### Given information

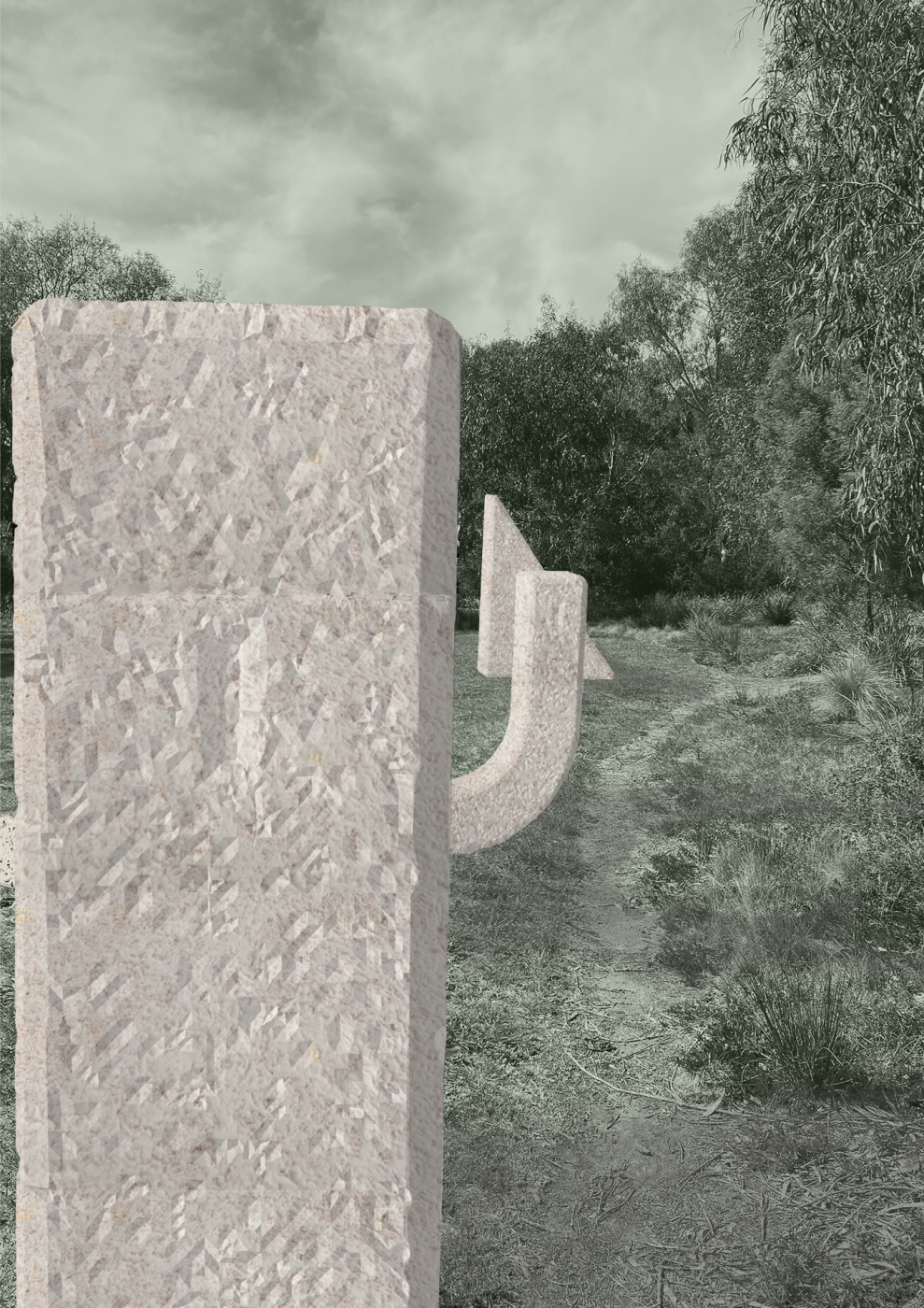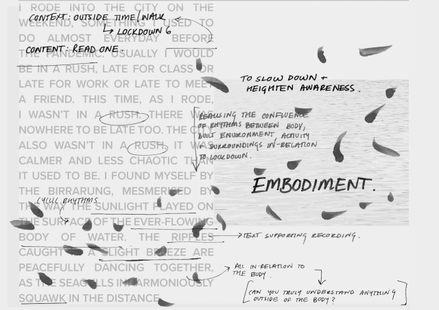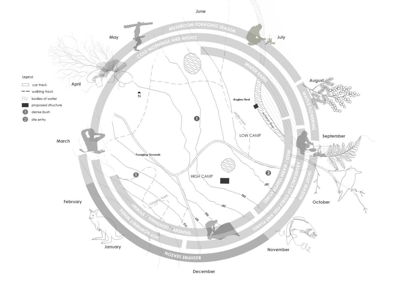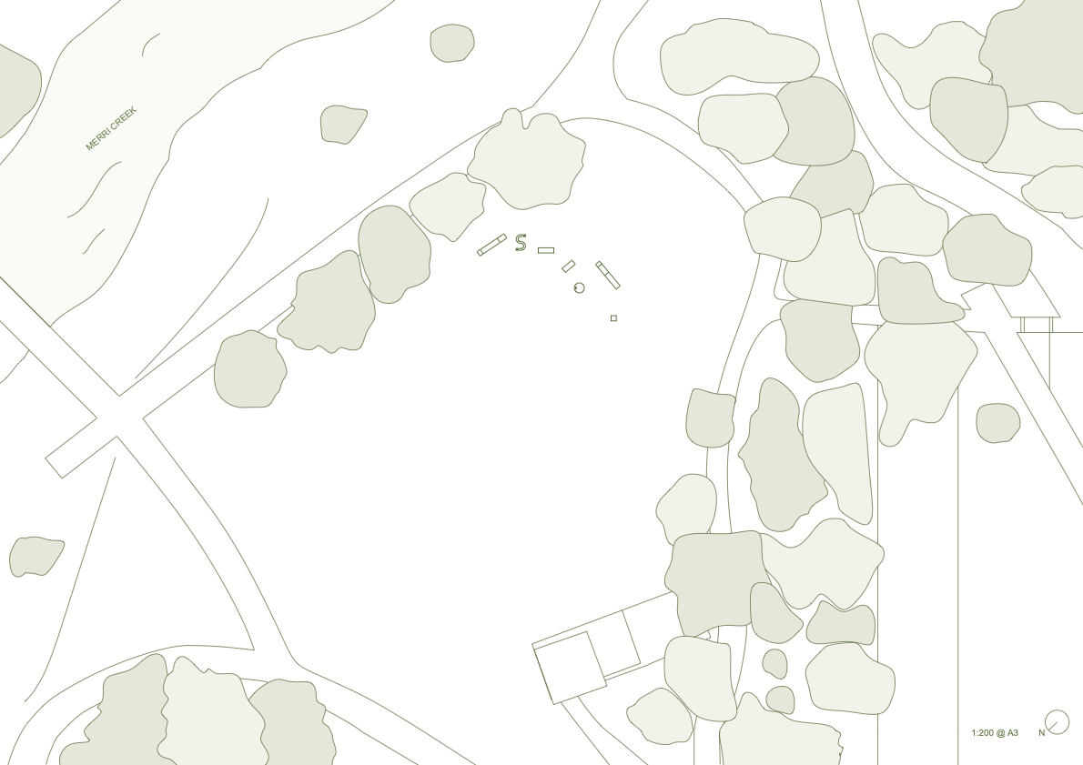 Summarising my project into four systems; rhythm, regeneration, boundary and reconnection, I have designed a durational walkway that encourages the land to heal through human engagement. Although my chosen site is highly ecological sensitive and prone to flooding and bushfires, I have anchored my project around the interwoven blend of boundaries and conflicting rhythms from humans and nature.
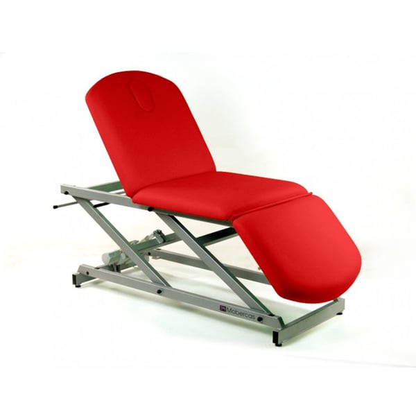 Economic electric stretcher with three sections, armchair type, with toilet roll holder and face cap. It offers the possibility of adding retractable wheels. Specially designed for physiotherapy and rehabilitation treatments .
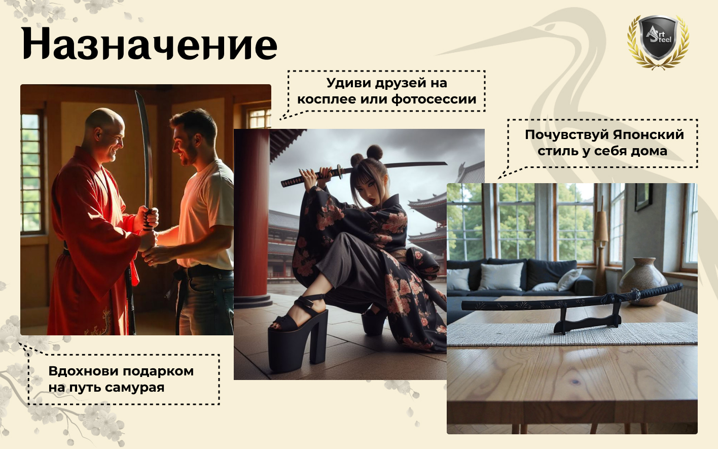 Такая катана будет эффектным сувениром или подарком для коллеги, мужа, брата, для человека, который ценит японскую культуру или увлекается косплеем.
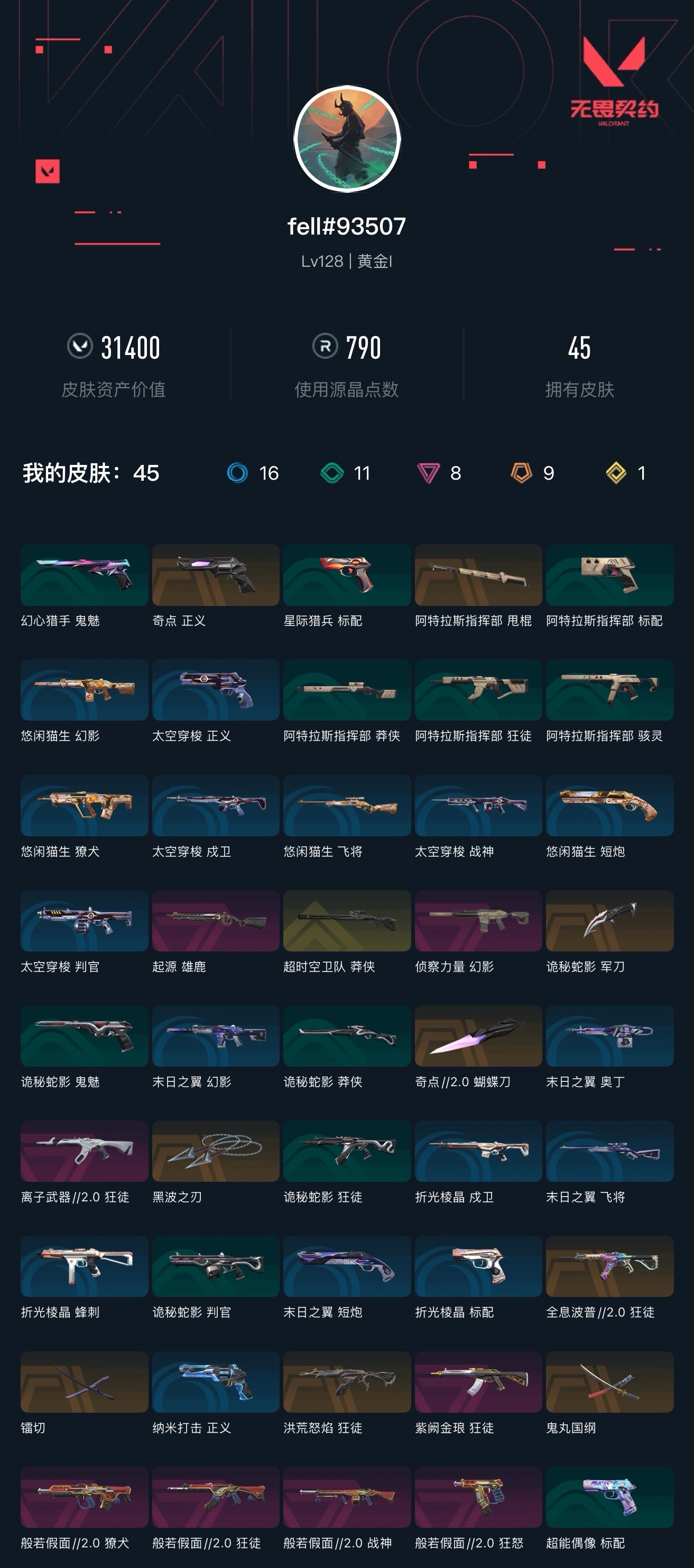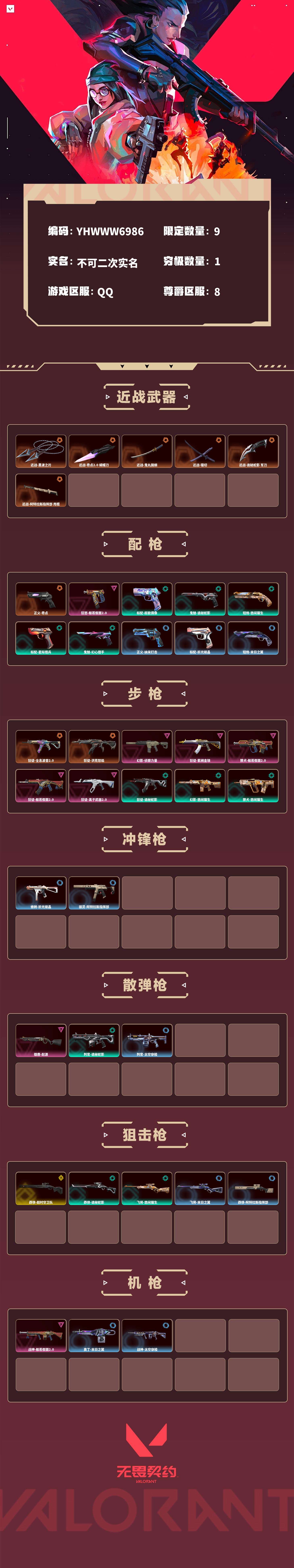 【无畏契约】【yhwww6986】等级:131,已用无畏点31400,已用源晶点790,橙皮:近战-黑波之刃|狂徒-全息波普2.0|狂徒-洪荒怒焰|正义-奇点|近战-奇点2.0 蝴蝶刀|近战-鬼丸国纲|近战-镭切|近战-诡秘蛇影 军刀|近战-阿特拉斯指挥部 甩棍__紫皮:幻影-侦察力量|狂徒-紫阙金琅|雄鹿-起源|战神-般若假面2.0|獠犬-般若假面2.0|狂徒-般若假面2.0|狂怒-般若假面2.0|狂徒-离子武器2.0__段位:白银__蓝皮:正义-纳米打击|蜂刺-折光棱晶|戍卫-折光棱晶|标配-折光棱晶|飞将-末日之翼|幻影-末日之翼|短炮-末日之翼|奥丁-末日之翼|正义-太空穿梭|战神-太空穿梭|判官-太空穿梭|戍卫-太空穿梭|骇灵-阿特拉斯指挥部|莽侠-阿特拉斯指挥部|标配-阿特拉斯指挥部|狂徒-阿特拉斯指挥部__绿皮:标配-超能偶像|判官-诡秘蛇影|鬼魅-诡秘蛇影|莽侠-诡秘蛇影|狂徒-诡秘蛇影|短炮-悠闲猫生|飞将-悠闲猫生|幻影-悠闲猫生|獠犬-悠闲猫生|标配-星际猎兵|鬼魅-幻心猎手__金皮:莽侠-超时空卫队__英雄:尚勃勒|维斯|暮蝶|盖可|霓虹|壹决|k/o|幽影|夜露|钢锁|奇乐|炼狱|铁臂|贤者|猎枭|钛狐|芮娜|零|捷风|蝰蛇|不死鸟|幻棱|雷兹|禁灭

######

Problem to work on:
Could you reproduce the data above exactly, without its pictures?

Result:
 Summarising my project into four systems; rhythm, regeneration, boundary and reconnection, I have designed a durational walkway that encourages the land to heal through human engagement. Although my chosen site is highly ecological sensitive and prone to flooding and bushfires, I have anchored my project around the interwoven blend of boundaries and conflicting rhythms from humans and nature.
 Economic electric stretcher with three sections, armchair type, with toilet roll holder and face cap. It offers the possibility of adding retractable wheels. Specially designed for physiotherapy and rehabilitation treatments .
 Такая катана будет эффектным сувениром или подарком для коллеги, мужа, брата, для человека, который ценит японскую культуру или увлекается косплеем.
 【无畏契约】【yhwww6986】等级:131,已用无畏点31400,已用源晶点790,橙皮:近战-黑波之刃|狂徒-全息波普2.0|狂徒-洪荒怒焰|正义-奇点|近战-奇点2.0 蝴蝶刀|近战-鬼丸国纲|近战-镭切|近战-诡秘蛇影 军刀|近战-阿特拉斯指挥部 甩棍__紫皮:幻影-侦察力量|狂徒-紫阙金琅|雄鹿-起源|战神-般若假面2.0|獠犬-般若假面2.0|狂徒-般若假面2.0|狂怒-般若假面2.0|狂徒-离子武器2.0__段位:白银__蓝皮:正义-纳米打击|蜂刺-折光棱晶|戍卫-折光棱晶|标配-折光棱晶|飞将-末日之翼|幻影-末日之翼|短炮-末日之翼|奥丁-末日之翼|正义-太空穿梭|战神-太空穿梭|判官-太空穿梭|戍卫-太空穿梭|骇灵-阿特拉斯指挥部|莽侠-阿特拉斯指挥部|标配-阿特拉斯指挥部|狂徒-阿特拉斯指挥部__绿皮:标配-超能偶像|判官-诡秘蛇影|鬼魅-诡秘蛇影|莽侠-诡秘蛇影|狂徒-诡秘蛇影|短炮-悠闲猫生|飞将-悠闲猫生|幻影-悠闲猫生|獠犬-悠闲猫生|标配-星际猎兵|鬼魅-幻心猎手__金皮:莽侠-超时空卫队__英雄:尚勃勒|维斯|暮蝶|盖可|霓虹|壹决|k/o|幽影|夜露|钢锁|奇乐|炼狱|铁臂|贤者|猎枭|钛狐|芮娜|零|捷风|蝰蛇|不死鸟|幻棱|雷兹|禁灭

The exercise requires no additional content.